2.4 Biodiesel production Once the lipids are extracted from the biomass, they must be converted to biodiesel. Biodiesel production from any lipid feedstock is performed via a chemical conversion process known as transesterification (esterification for FFA). Oils are converted from their original form as triglycerides, FFA, or other complex lipids, to alkyl esters, which closely resemble petroleum based diesel, both chemically and physically [77]. This conversion can be performed using a number of methods by reacting lipids with an alcohol with, or without, the presence of a catalyst, depending on the method. Figure 3-6 illustrates the conversion of one mole of a glyceride molecule to 3 moles of fatty acid alkyl esters (FAMEs), or biodiesel, and one mole of glycerol in the presence of a catalyst.

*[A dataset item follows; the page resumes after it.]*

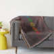 A quality printed throw has its advantages. This is a much finer weave throw than its loopier cousins, and though lighter, it is worth the investment for custom room accessorizing. The back is much prettier than the typical brown, and the fringe on the long sides very vivid, the selvage nicely done. Before photographing, I washed the throw in cold water, delicate, with a thicker woven throw the same size. On tumble dry low, this throw was dry in half the time as the other. This is a very practical quality if you use throws for furniture covers or to wrap up in frequently. The sleekness of the fabric makes it a great layer for accenting or protecting without the feeling of sitting on too much stuff. Perfect for napping or when you feel a light chill coming on. The color printing is beautiful and on this fabric, matched the design and color of my Photoshop image. This is an advantage for blending room fabrics and colors. The fringe on the short sides prints the colors from the design image and therefore varies from the side fringe. I streaked a white fractal line through the plaid pattern to give the illusion of weaving. This printed as crisp as an illusory thread, and put some white in the short side fringe, showing another advantage of print vs loomed- for artistic purposes, line lines, detail, and color integrity can be planned and preserved. My loomed throws have color limitations and more of a needlepoint texture. Print throws reproduce an exact image. The throw felt a little stiff straight out of the package, but this went away in the first delicate wash. Of course I searched the wash water for ink or bleeding and there was none.

Figure 2-6 Conversion of lipids or oil, to alkyl esters via transesterification

Depending on the quality and type of lipid feedstock used, the concentration of free fatty acids can change. Free fatty acids react differently than glyceride molecules, depending on whether an acid or a base is used as the catalyst, as shown in Figures 3-7 and 4-8 [78]. Figure 3-9 shows Free fatty acid reacting with methanol in the presence of a strong homogenous catalyst to form a methyl ester via esterification [79].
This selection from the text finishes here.